Compare the experience of five minutes scuba diving in Indonesia or Australia with five minutes in the Caribbean, and the difference is obvious, she said. For every species of butterflyfish or parrotfish you spot in the Caribbean, you might see three or more species in Southeast Asia’s Coral Triangle or Australia’s Great Barrier Reef.
“People say the Caribbean is a garden, whereas the Central Indo-Pacific is a jungle,” said John Wiens, a professor at the University of Arizona.
Using databases that aggregate research done by hundreds of scientists, Ms. Miller’s team categorised more than 12,000 fish species as present or absent in eight marine regions around the world.
The researchers then traced living species back in time, using an evolutionary tree, statistics and computer simulations to infer where their ancestors originated and when their lineages might have moved to different places.
Overall, the scientists found, biodiversity in a region today is highly related to the age and number of colonisation it has experienced. The Central Indo-Pacific is so diverse largely because many old lineages have settled there.

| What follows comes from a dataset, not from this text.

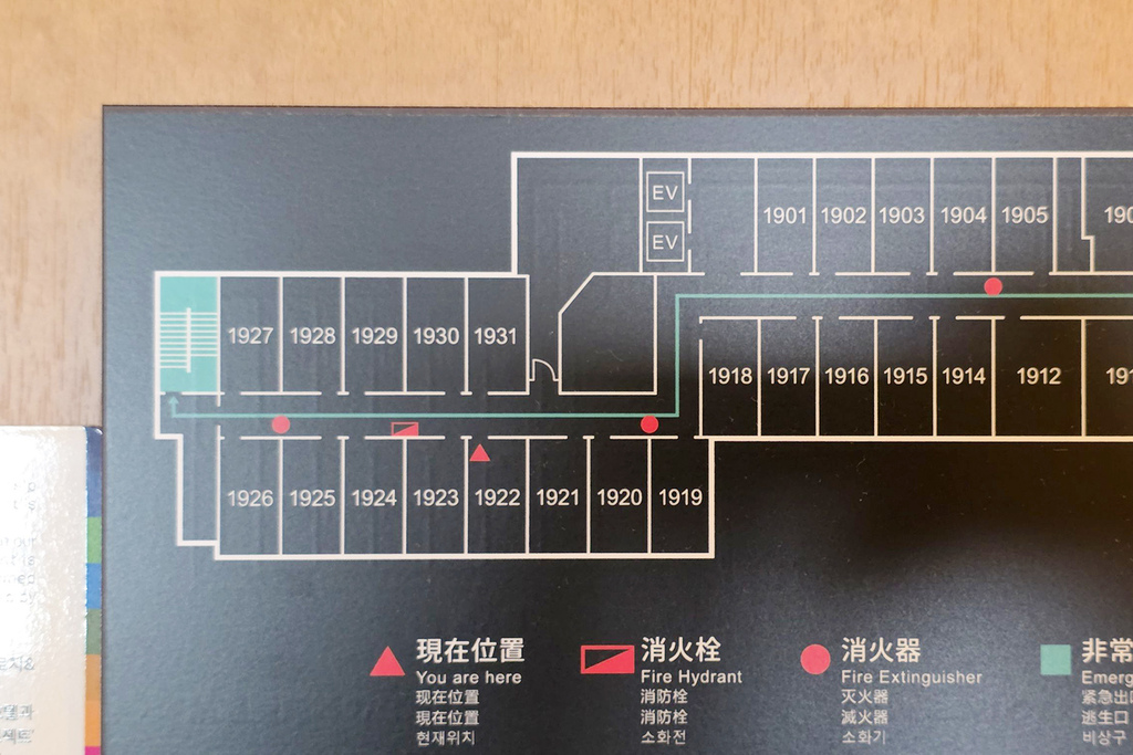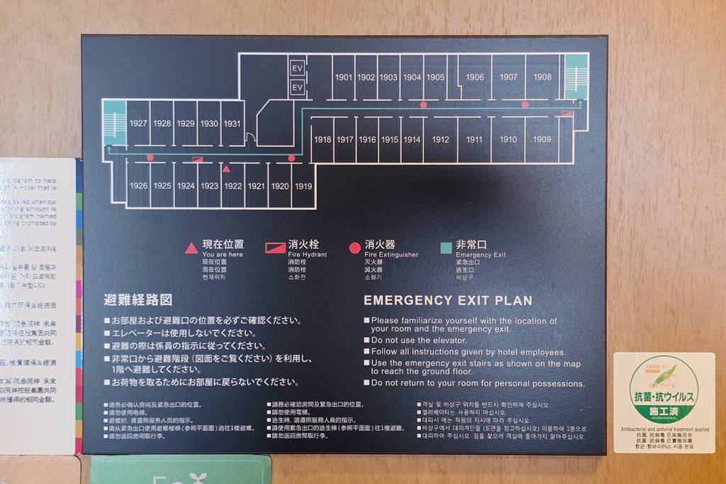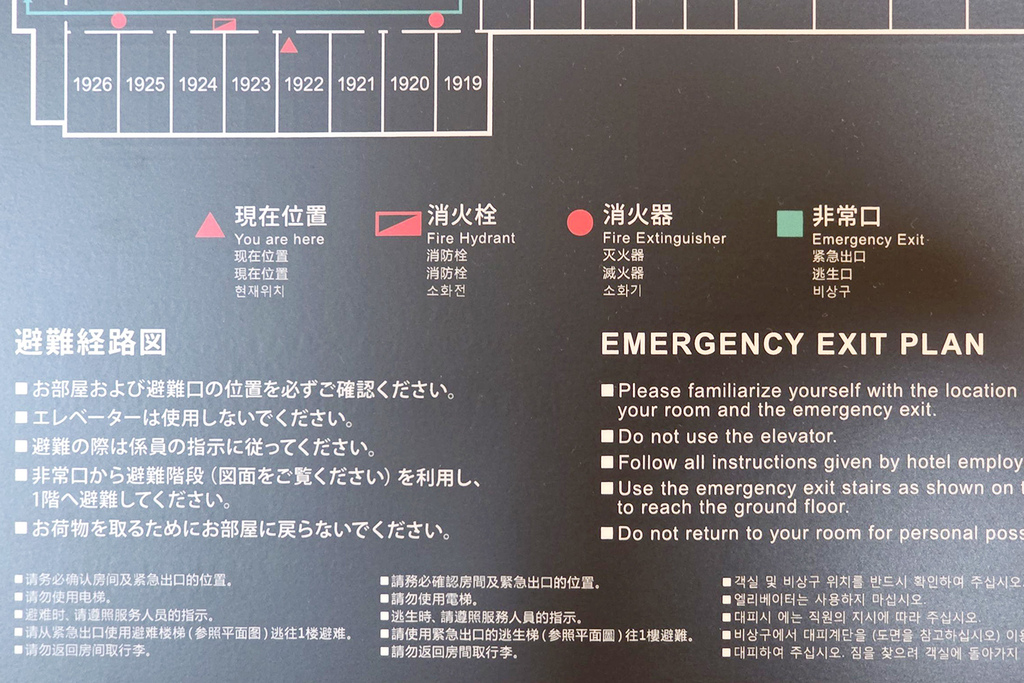 職業柄、プライベートな旅行中でもついつい「デザイン」に目が止まってしまいます。 特に気になるのが、宿泊先の客室ドア裏にある「避難経路図」。
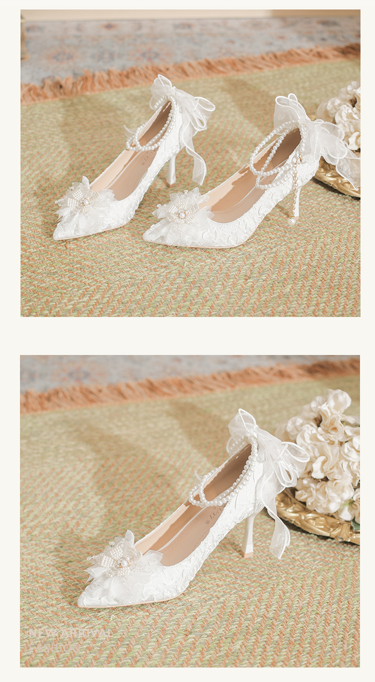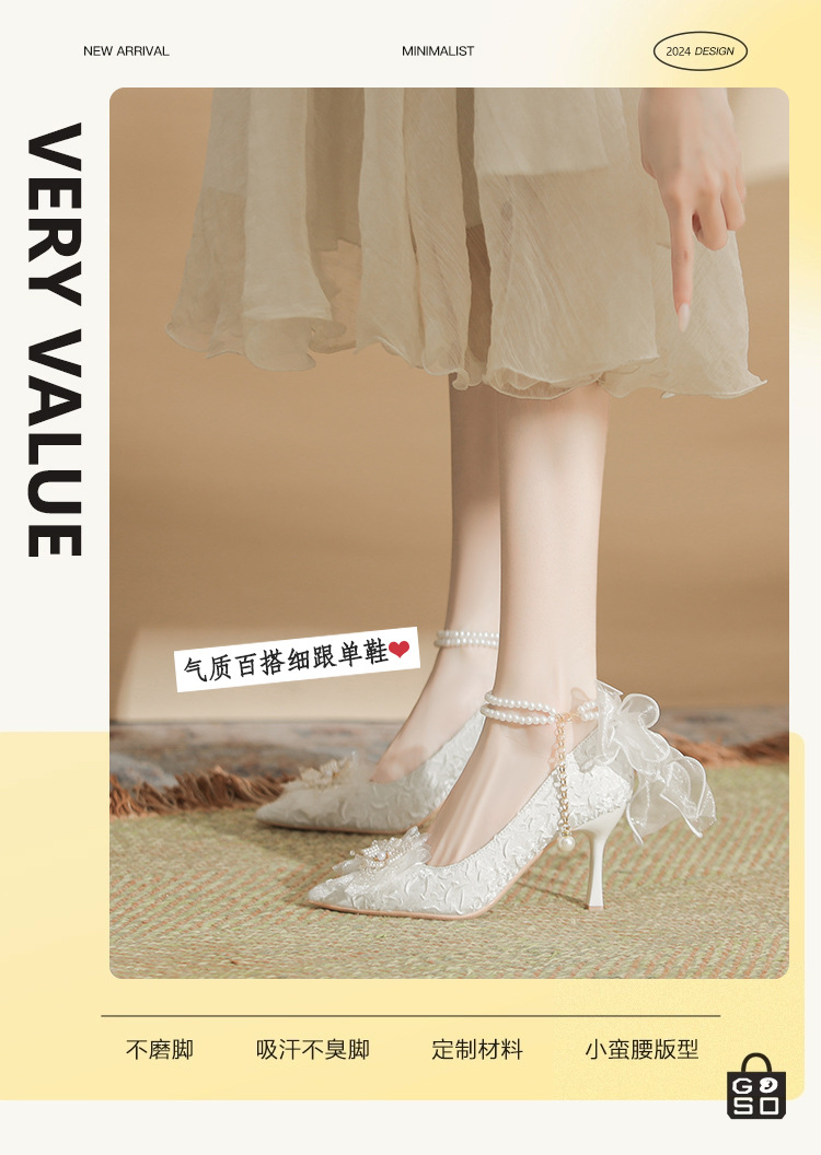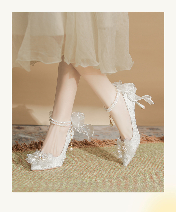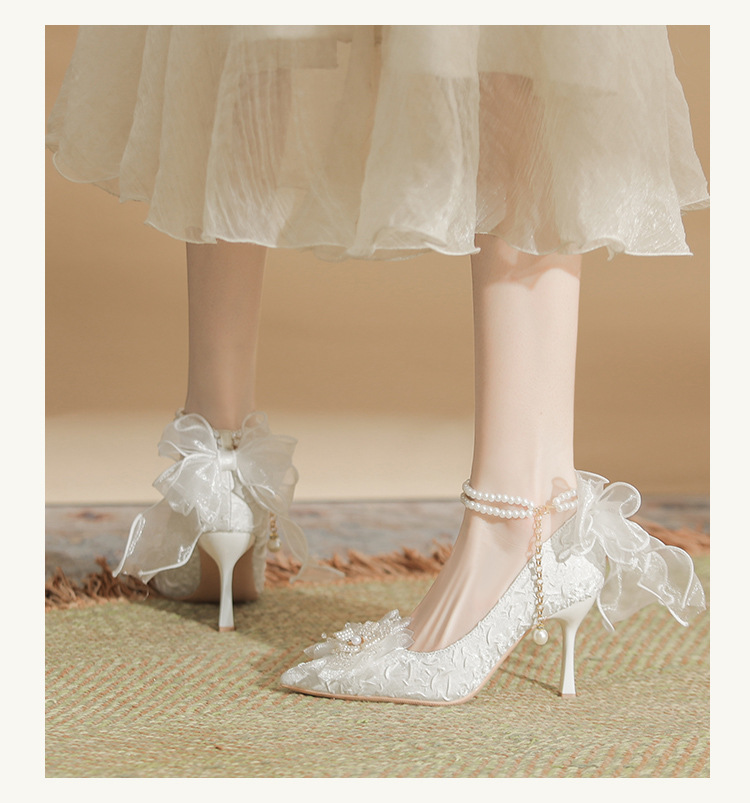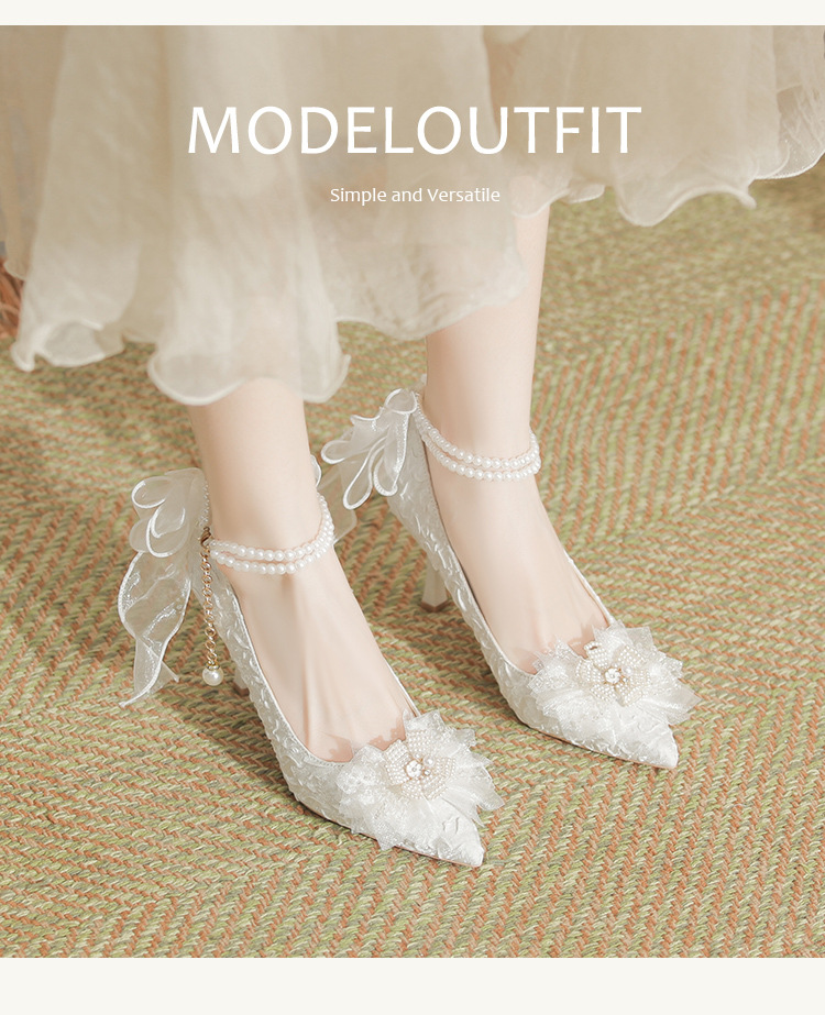 Dzz-z4 프렌치 페어리 하이힐 여성용 스틸레토 힐 데일리웨어 올매치 화이트 신부 신발 웨딩 신발 싱글 레이어 신발스토어 가기

This likely has to do with the dance of tectonic plates. Not long after the dinosaurs went extinct, the Tethys Sea, which once separated the ancient supercontinents of Laurasia and Gondwana, was the peak of biodiversity in the world’s oceans. But slowly, the continents drifted.
Around 35 million years ago, as the Tethys was closing off, the Australian and Pacific plates were colliding with continental Southeast Asia, creating an expanse of shallow ocean ideal for coral reefs. As species migrated from the Tethys (now the East Atlantic) to this area, the hot spot of marine life shifted.
Since then, the Central Indo-Pacific may also have been less strongly influenced by major extinction events than other warm regions, Ms. Miller said.
Today, more than 500 million people depend on coral reefs for food, income and coastal protection. But these ecosystems are in crisis.
“What a rich treasure it is to have this biodiversity,” Dr. Wisz said. “If we are to safeguard it, we must take action, globally and quickly.”